## What you have to do
Transcribe exactly, please, the lines from the one containing "全て断ち切り(切りっぱなし)" through the end of the records below, and leave out the pictures.

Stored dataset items
━━━━━━━━━━

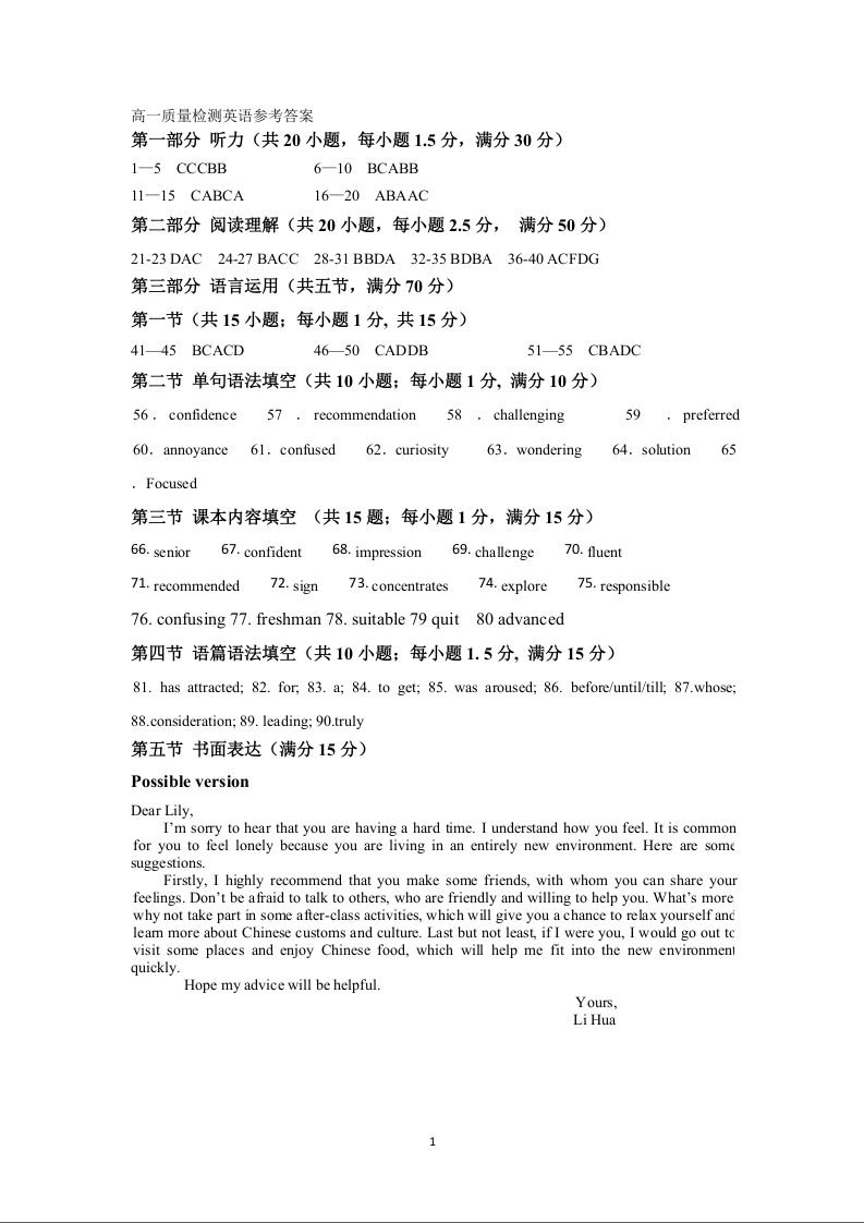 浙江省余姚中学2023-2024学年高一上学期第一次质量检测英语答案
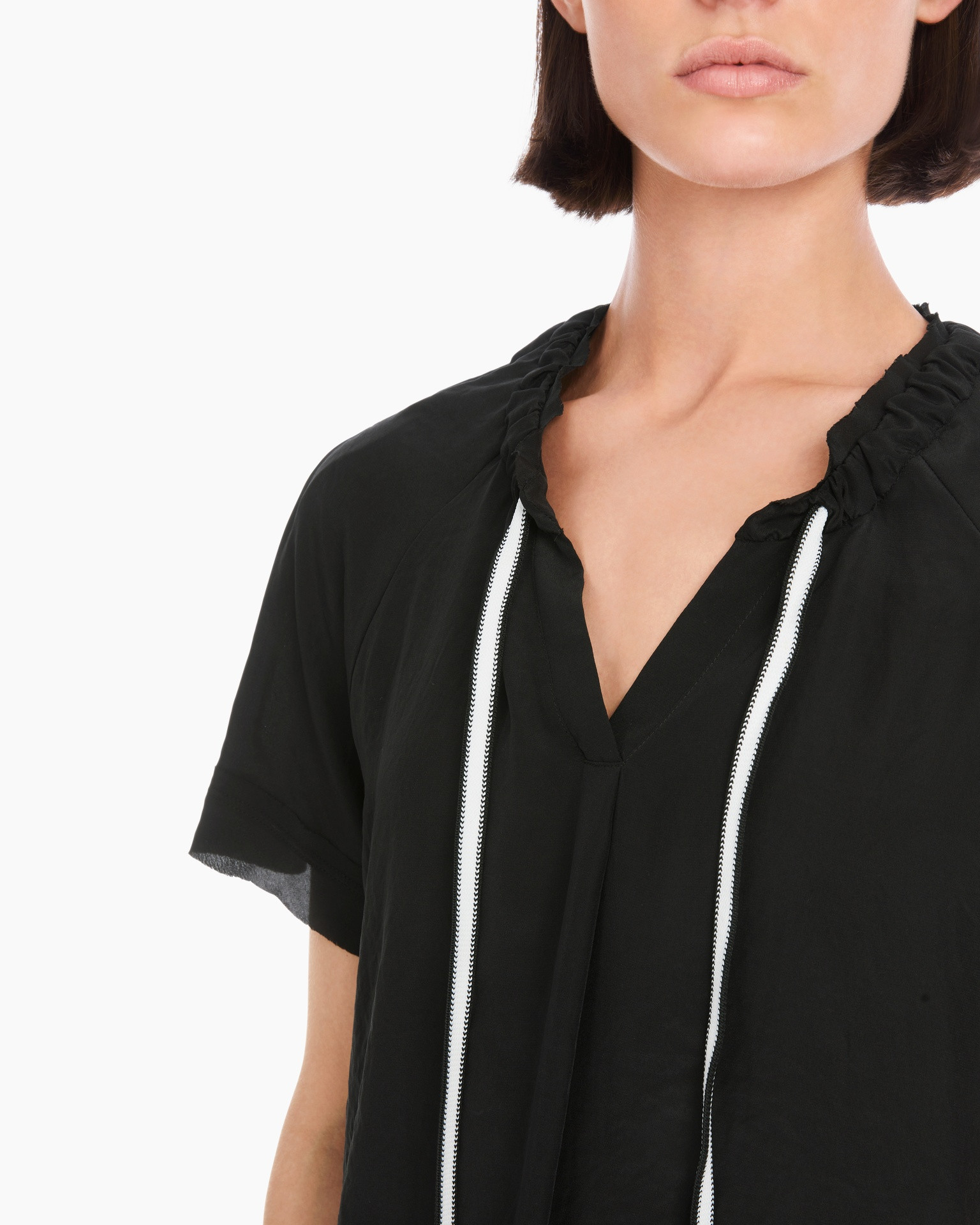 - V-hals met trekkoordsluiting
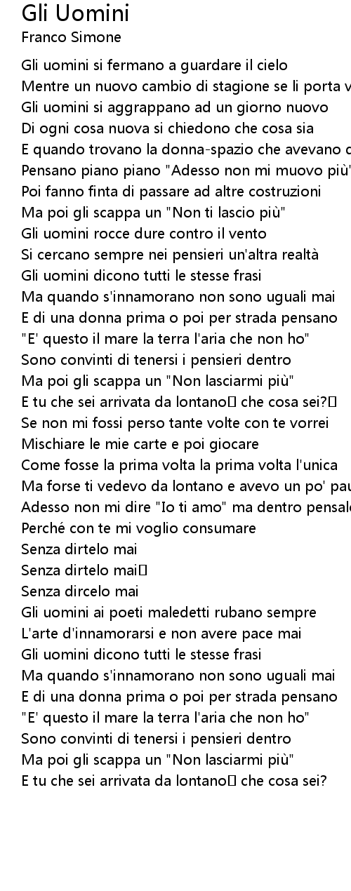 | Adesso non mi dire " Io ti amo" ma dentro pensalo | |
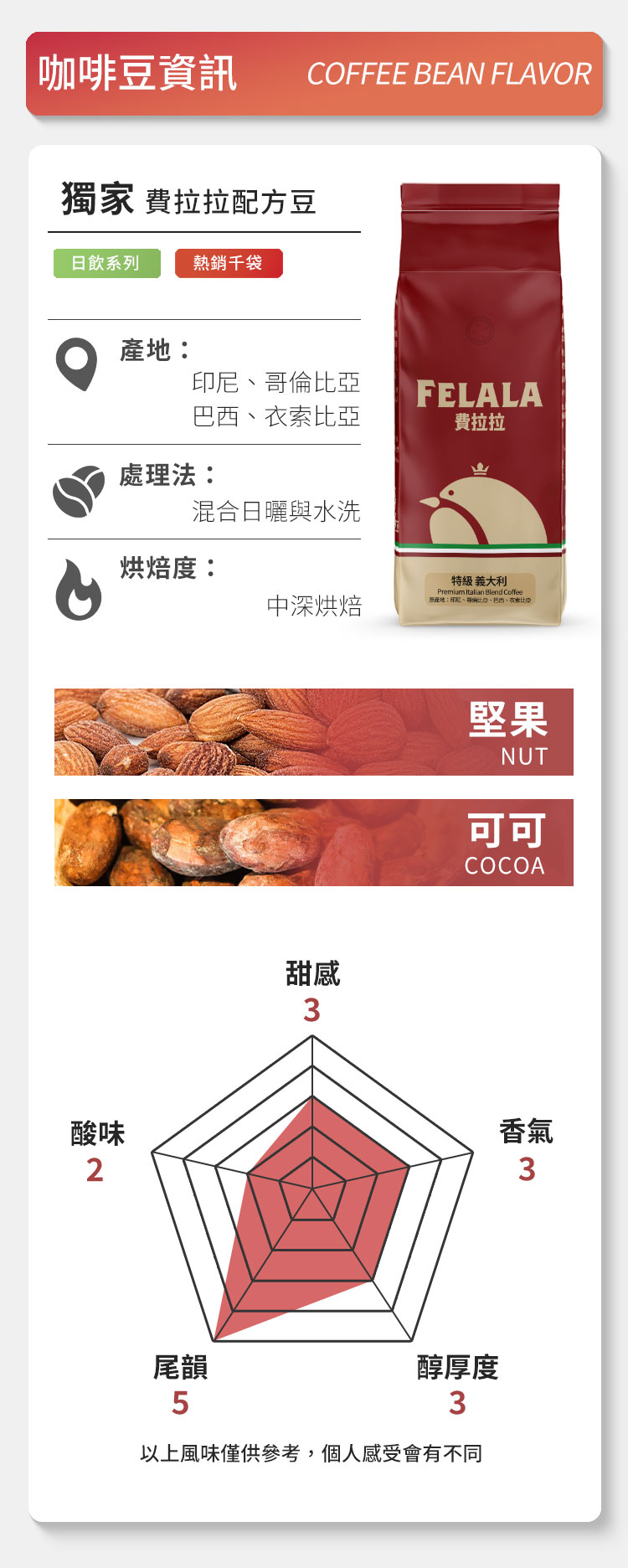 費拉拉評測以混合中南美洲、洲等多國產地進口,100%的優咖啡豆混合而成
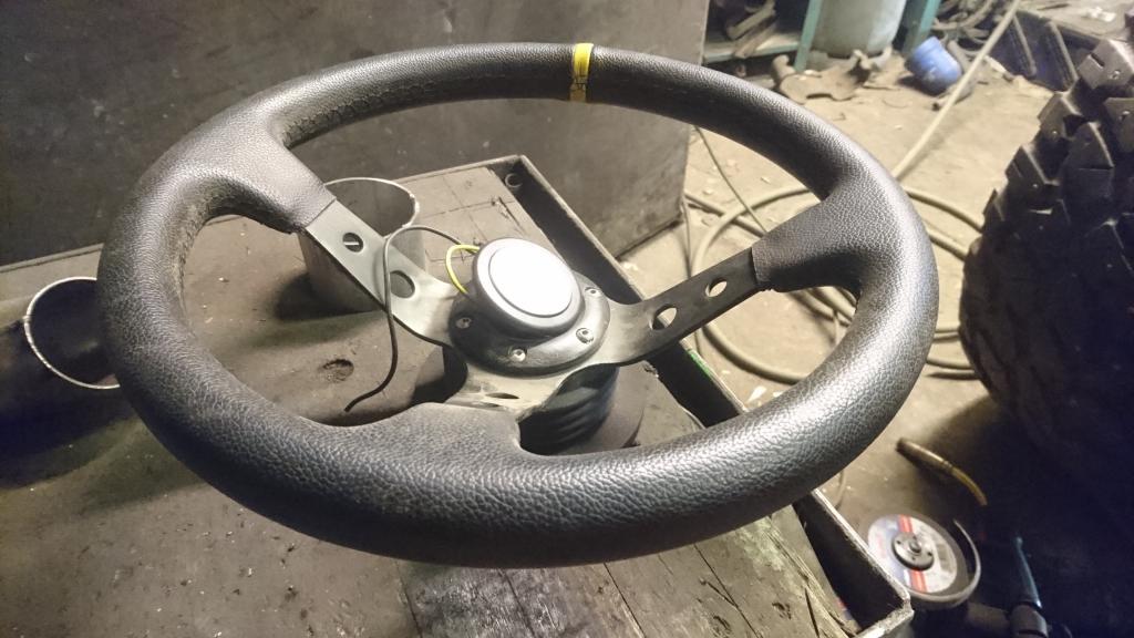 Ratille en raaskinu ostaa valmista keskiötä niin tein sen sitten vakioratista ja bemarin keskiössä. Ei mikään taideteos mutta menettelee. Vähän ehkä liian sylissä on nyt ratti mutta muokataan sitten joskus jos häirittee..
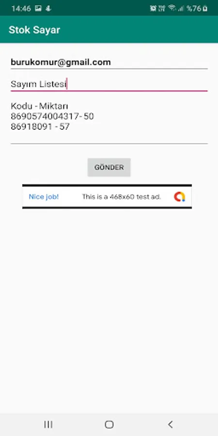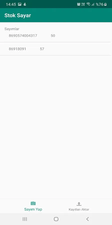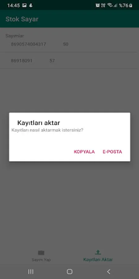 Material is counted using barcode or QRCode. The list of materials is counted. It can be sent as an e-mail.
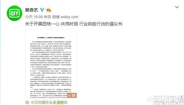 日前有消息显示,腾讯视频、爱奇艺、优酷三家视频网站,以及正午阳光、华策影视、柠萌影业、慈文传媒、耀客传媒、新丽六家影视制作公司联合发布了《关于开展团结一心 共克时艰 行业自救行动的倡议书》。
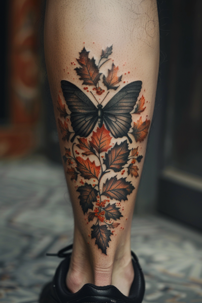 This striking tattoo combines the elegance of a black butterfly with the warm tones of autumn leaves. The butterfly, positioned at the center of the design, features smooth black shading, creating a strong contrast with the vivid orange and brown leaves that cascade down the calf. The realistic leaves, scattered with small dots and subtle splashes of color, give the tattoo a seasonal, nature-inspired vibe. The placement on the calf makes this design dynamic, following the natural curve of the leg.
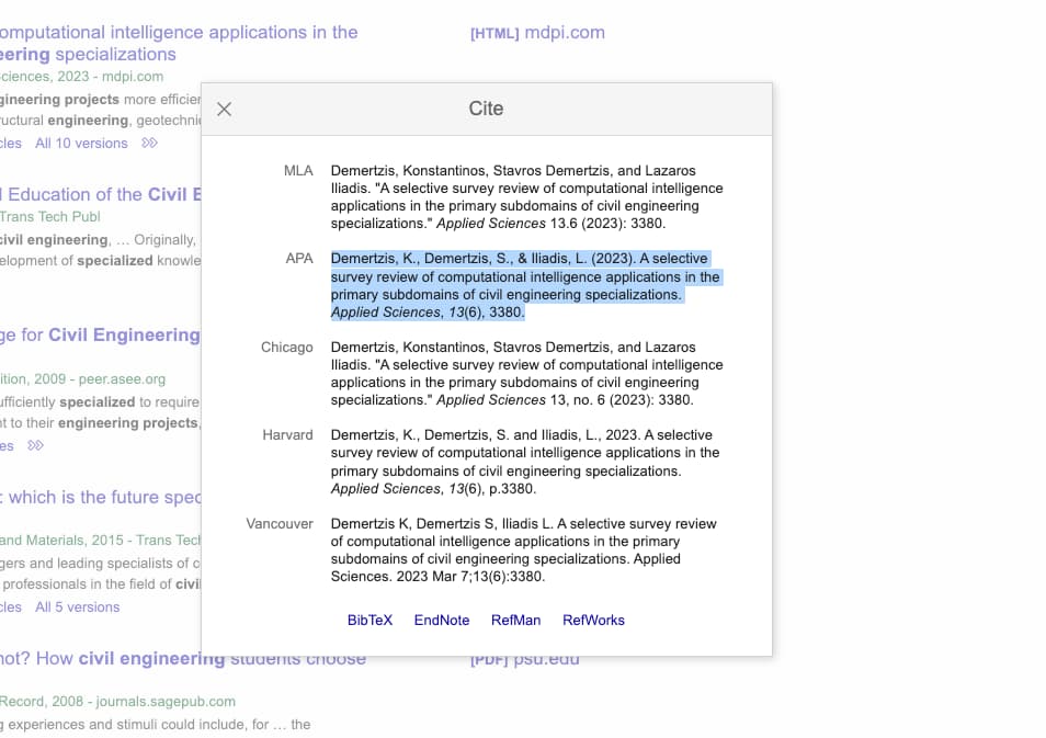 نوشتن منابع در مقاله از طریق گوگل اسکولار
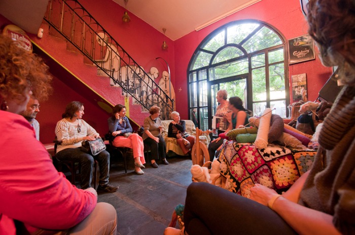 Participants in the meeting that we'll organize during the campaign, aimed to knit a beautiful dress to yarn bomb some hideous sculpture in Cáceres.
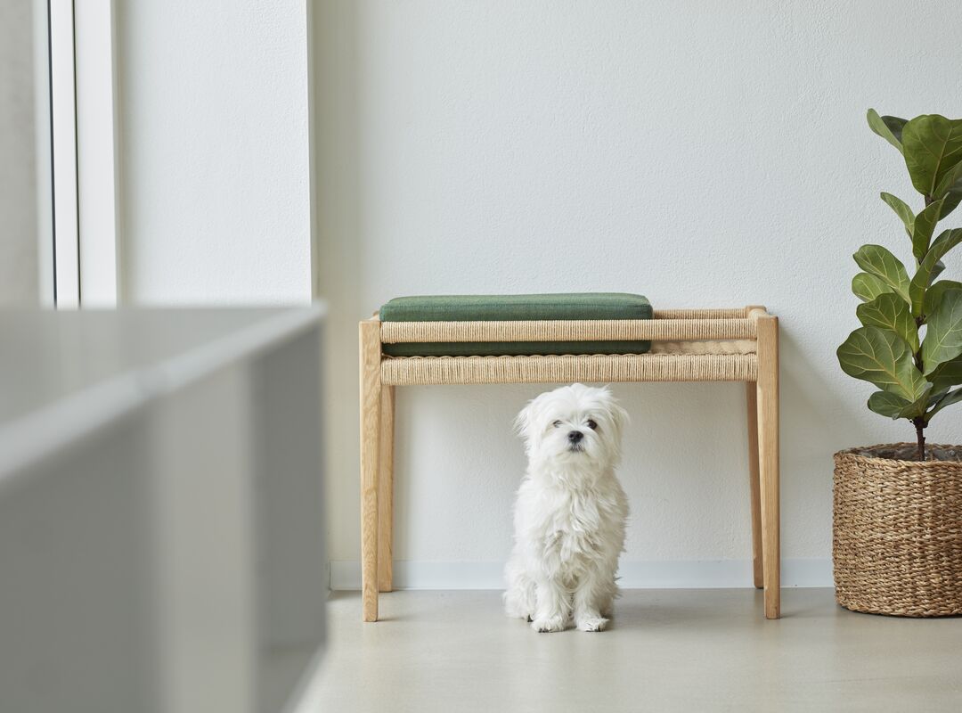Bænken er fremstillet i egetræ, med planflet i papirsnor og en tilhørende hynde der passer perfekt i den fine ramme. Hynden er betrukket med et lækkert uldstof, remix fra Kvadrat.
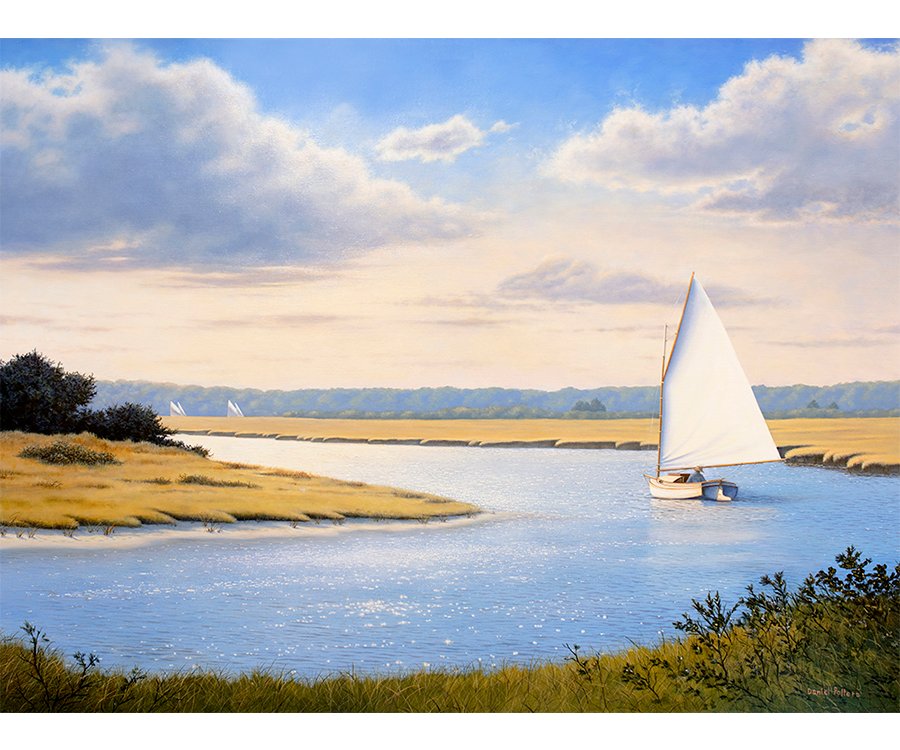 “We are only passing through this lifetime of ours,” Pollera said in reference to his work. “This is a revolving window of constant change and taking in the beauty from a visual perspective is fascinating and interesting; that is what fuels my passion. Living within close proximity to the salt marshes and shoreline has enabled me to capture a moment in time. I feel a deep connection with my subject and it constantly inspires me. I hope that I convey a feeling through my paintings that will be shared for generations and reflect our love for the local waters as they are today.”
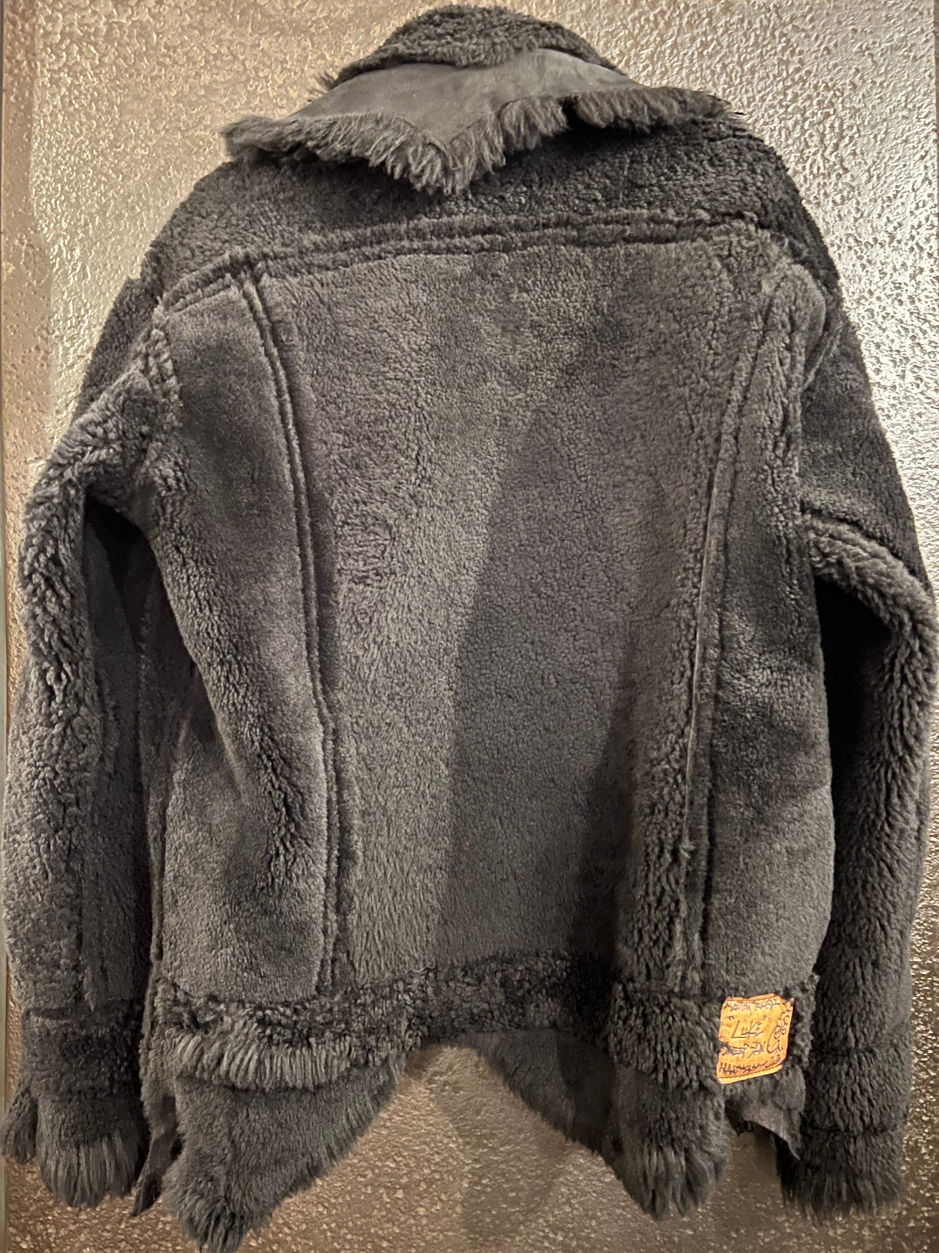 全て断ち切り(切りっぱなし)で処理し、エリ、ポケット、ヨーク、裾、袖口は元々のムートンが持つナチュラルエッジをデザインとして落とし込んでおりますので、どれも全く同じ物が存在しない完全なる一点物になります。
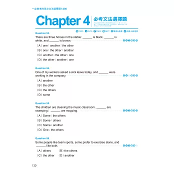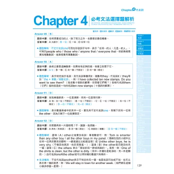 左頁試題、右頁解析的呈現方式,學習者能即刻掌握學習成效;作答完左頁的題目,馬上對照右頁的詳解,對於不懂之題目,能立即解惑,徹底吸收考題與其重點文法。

━━━━━━━━━━

## Response area
 全て断ち切り(切りっぱなし)で処理し、エリ、ポケット、ヨーク、裾、袖口は元々のムートンが持つナチュラルエッジをデザインとして落とし込んでおりますので、どれも全く同じ物が存在しない完全なる一点物になります。
 左頁試題、右頁解析的呈現方式,學習者能即刻掌握學習成效;作答完左頁的題目,馬上對照右頁的詳解,對於不懂之題目,能立即解惑,徹底吸收考題與其重點文法。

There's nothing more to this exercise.